1970 yılında yaşanan ve Türküye işi sınıfı için gerçek bir dönüm noktasını ifade eden 15-16 Haziran Genel Direnişi, bugünün genç işçi kuşaklarının belleğinde yer etmiyor. Yaşadığımız topraklardaki 15-16 Haziran Genel Direnişi gibi sayısız birçok deneyim, yengiyle sonuçlanan olsun, yenilgiyle sonuçlanmış olsun, gerektiği biçimde işçi sınıfının hafızasında durması gereken yerde durmuyor.
İki taraf arasında süren mücadelede, birinin diğerine karşı başarı kazanması, mücadele boyunca biriktirdiği deneyimleri doğru biçimde değerlendirebilmesine, dersler çıkarabilmesine bağlıdır.
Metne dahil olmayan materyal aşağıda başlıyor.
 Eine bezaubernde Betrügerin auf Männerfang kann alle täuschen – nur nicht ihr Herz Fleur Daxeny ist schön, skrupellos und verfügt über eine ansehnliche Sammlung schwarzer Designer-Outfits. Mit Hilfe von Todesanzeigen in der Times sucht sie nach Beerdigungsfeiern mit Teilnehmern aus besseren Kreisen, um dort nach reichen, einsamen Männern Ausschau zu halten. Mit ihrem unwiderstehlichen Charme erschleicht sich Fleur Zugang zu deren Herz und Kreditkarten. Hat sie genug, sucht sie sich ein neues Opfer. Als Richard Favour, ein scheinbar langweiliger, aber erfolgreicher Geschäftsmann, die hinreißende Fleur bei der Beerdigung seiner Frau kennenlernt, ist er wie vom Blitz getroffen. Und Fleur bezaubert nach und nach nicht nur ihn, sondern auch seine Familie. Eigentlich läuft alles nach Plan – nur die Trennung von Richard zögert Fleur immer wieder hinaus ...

Bu şarta bağlı kalındığı sürece, sayısız yenilgiden sonra nihai zafere ulaşabilmek de mümkün olabilecektir. Bu kurala bağlı kalmak, tabii ki bunu gerçekleştirebilecek iradeye sahip olmayı gerekli kılmaktadır. Bu irade sınıfın örgütlülüğüdür. İşçi sınıfının hafızası onun devrimci örgütlülüğüdür. Doğru dersler çıkarabilmesi ise örgütlülüğün Marksizm bilimiyle donanmış olmasını gerektirir. Yaşanan onca deneyime rağmen girilen mücadelelerin çoğundan burjuvazinin zafer elde ederek çıkmış olması, örgütlülüğün “sürekliliğinin” önemini ortaya koymuştur, koymaktadır. İşçi sınıfının sömürüden sonsuza kadar kurtulması, asalakların sınıf iktidarının yıkılmasını, yani toplumsal devrimi, ve devrim için de onun aracı olacak olan devrimci örgütlülüğün yaratılmasını gerektirir.
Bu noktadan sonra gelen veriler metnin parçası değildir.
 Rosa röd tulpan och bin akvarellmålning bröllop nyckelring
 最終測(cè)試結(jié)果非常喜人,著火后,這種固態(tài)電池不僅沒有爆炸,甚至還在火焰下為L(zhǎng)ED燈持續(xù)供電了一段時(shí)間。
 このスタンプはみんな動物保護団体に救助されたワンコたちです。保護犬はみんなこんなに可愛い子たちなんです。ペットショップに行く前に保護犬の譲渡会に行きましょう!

İşçi sınıfının geçmişte yaşadığı deneyimleri bugünün işçi nesillerine aktarmak üzere etkinlikler yapmayı hedefleyen UİD-DER’in, üstelik ilk açılış etkinliği olarak 25 Haziran tarihinde gerçekleştirdiği 15-16 Haziran Genel Direnişini anma etkinliğinin, sınıf mücadelesine işçilerden yana önemli bir katkı olduğunu düşünüyorum.
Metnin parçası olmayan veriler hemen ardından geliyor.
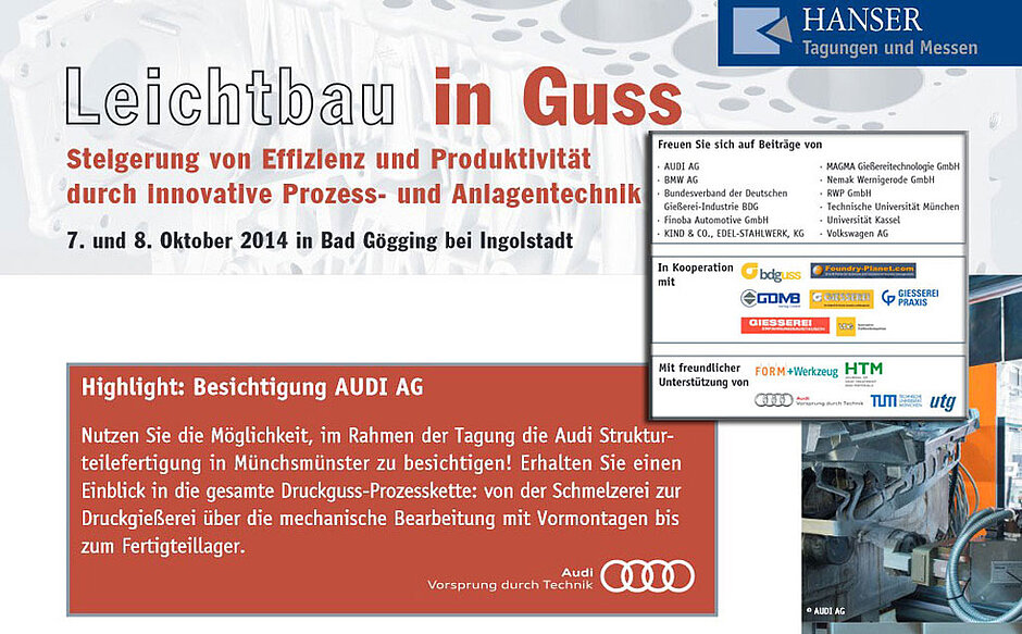 Bei der diesjährigen Fachtagung Leichtbau in Guss steht die innovative Prozess- und Anlagentechnik für alle Leichtmetallgießverfahren im Fokus. Nutzen Sie die Gelegenheit sich mit Experten der Branche bei Fachvorträge und Gesprächen auszutauschen. Als Highlight erwartet Sie die Besichtigung des 2013 neu eröffneten Strukturteilewerks der AUDI AG in Münchsmünster.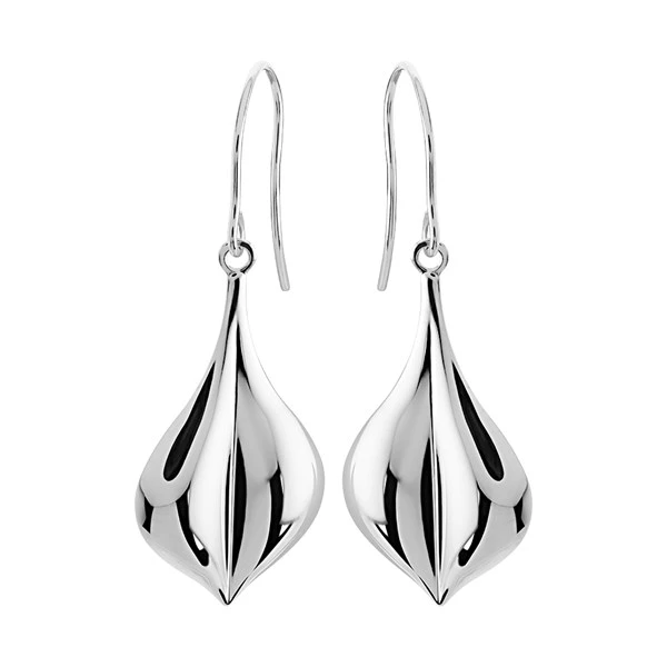 A contemporary shaped teardrop design makes these 9ct white gold hook wire earrings a great gift option. Total drop 33mm.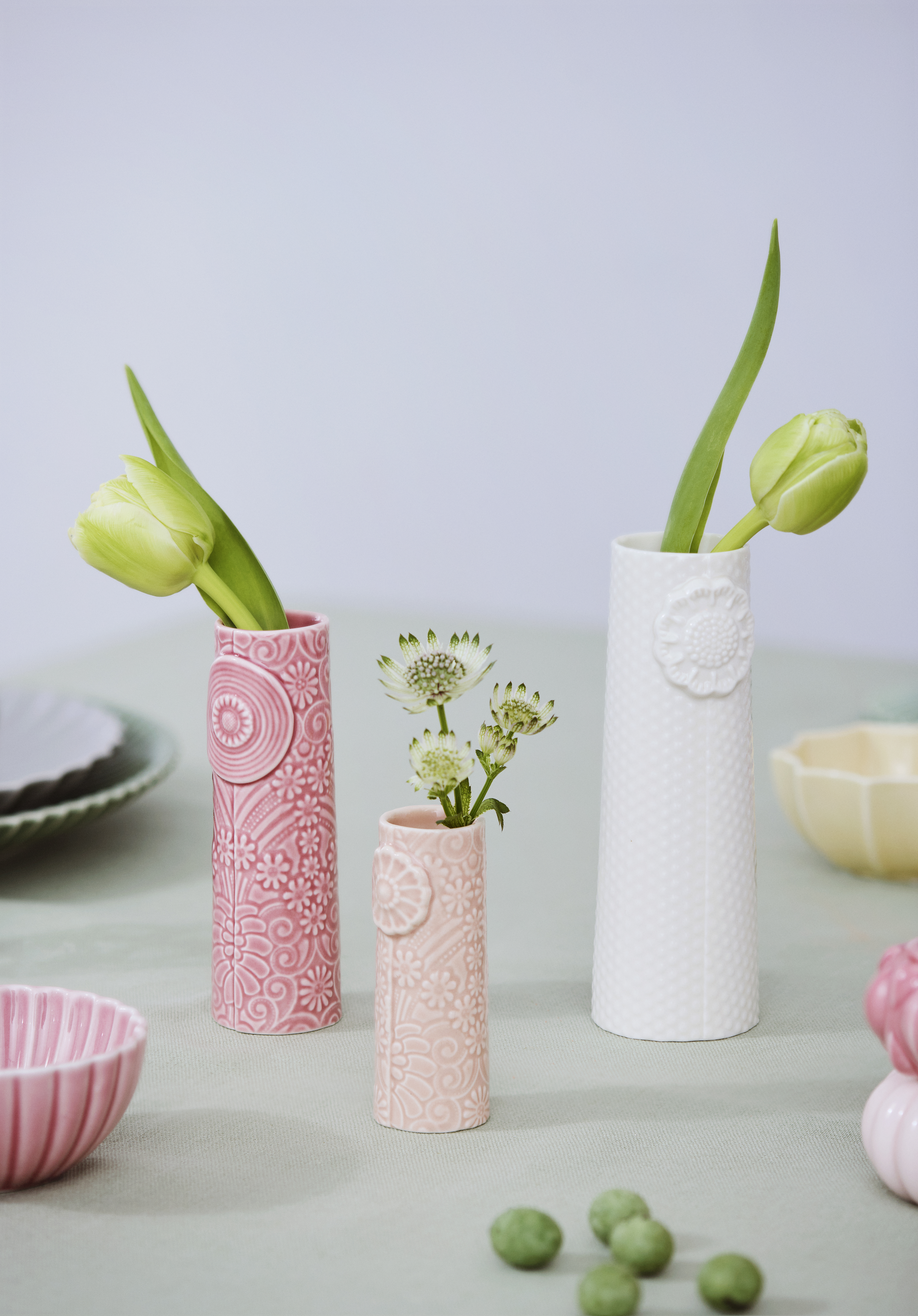 Pipanella Flock 3-pak Vasesæt fra Dottir er det perfekte valg for dem, der ønsker at tilføje et strejf af elegance og unikke detaljer til deres hjem. Dette smukke sæt indeholder tre forskellige vaser, hver med deres egen unikke struktur og mønster, der skaber en harmonisk, men stadig varieret dekoration. Vaserne er lavet i keramik, hvilket giver dem en solid og holdbar kvalitet, mens deres unikke design sikrer, at de skiller sig ud i enhver indretning.

Günler öncesinden başlayan çalışmaların sonucunda harcanan emeğin karşılığının alındığı kanısındayım. Özellikle yaşadığımız topraklar üzerinde benzeri başlıklar altında yapılan etkinliklerin program akışının, bir süre sonra politik amaç bir kenara bırakılarak izleyicilere hoş vakit geçirtmekle sınırlı bir anlayışla yapıldığı görülecektir. Böylesi bir beklentiyle etkinliğe gelen emekçilerin etkinlikten sonra o günün anlamına dair hafızalarında bir şeyler uyanmasını beklemek, bu yöntemlerle olanak dışıdır. Oysa UİD-DER’in etkinliğinin başında benzeri bir ruh halinde olan izleyicilerin bile kısa bir süre sonra sahnedeki ruh haline adapte olmaları, yapılan etkinliğin misyonuna uygun biçimde gerçekleştirildiğini ortaya koymuştur.
Türkiye işçi sınıfı tarihi açısından önemli bir merhale olan 15-16 Haziran Genel Direnişi, onu gerçekleştiren işçilerin, bugün toplumda egemen olan umutsuz ruh halini bir kenara bırakıp birleşebildikleri durumda neler yapabileceklerini göstermiştir. Ama önemli bir nokta daha var. Birleşmek, kimi sorunlara karşı toplu tepki vermek bir olumluluğu ifade ediyor olsa da, sınıfın devrimci örgütlülüğü olmaksızın mücadeleyi işçilerden yana nihayete erdirmenin olanağının olmayacağını da göstermiş olan bir eylemdir 15-16 Haziran.